# Loch Lomond site listing overnight not permitted



## gabby82 (Jun 30, 2022)

For information. Stopped at the pier car park Balloch, Loch Lomond, G83 3QX last Saturday about 7pm which you have listed as a wild site. Viewed the "oldest" paddle steamer undergoing restoration but was met on return by site officials who refused to accept it was a wild location and insisted that we should move. The site closes at 8pm. One of the staff was a motor homer & living in it but had to stay off site herself.  She guided us to another location about 1 mile away.  The officials are contacting Wild Camping to take down this site from their listing!!!


----------



## campervanannie (Jun 30, 2022)

A lot of the locations listed are not official in any way they are just parking spot that others have stopped at and got away with it some for years where locals and officials turn a blind eye unless it’s got a charge and it specifically says you can stay overnight then they are unofficial stopovers so arguing the toss with an official is futile and using unofficial stopovers are your risk to take but I am sure the admin team will remove it from the app.


----------



## GeoffL (Jun 30, 2022)

FWIW, we visited Lomondside a couple of weeks ago and saw lots of notices posted by the Loch Lomond and Trossachs authority advising we were in their "camping control" area.
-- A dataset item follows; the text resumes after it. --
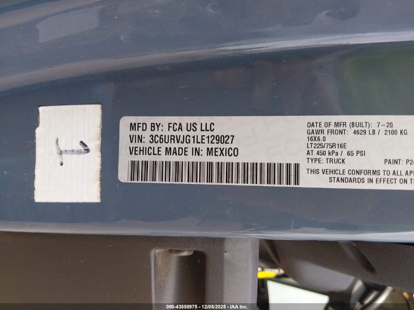 2020 RAM PROMASTER 3500 2020 року Бензин, 3.6, Передний привод, vin - 3C6URVJG1LE129027 из США

We were staying on the CCC Milarrochy Bay campsite, so it didn't affect us. However, I suspect that many of the POIs are no longer available for overnighting because of this change.


----------



## TJBi (Jun 30, 2022)

gabby82 said:


> For information. Stopped at the pier car park Balloch, Loch Lomond, G83 3QX last Saturday about 7pm which you have listed as a wild site. Viewed the "oldest" paddle steamer undergoing restoration but was met on return by site officials who refused to accept it was a wild location and insisted that we should move. The site closes at 8pm. One of the staff was a motor homer & living in it but had to stay off site herself.  She guided us to another location about 1 mile away.  The officials are contacting Wild Camping to take down this site from their listing!!!


Have you used the app to report this? That is the most effective way of bringing it to Admin's attention/


----------



## Wully (Jun 30, 2022)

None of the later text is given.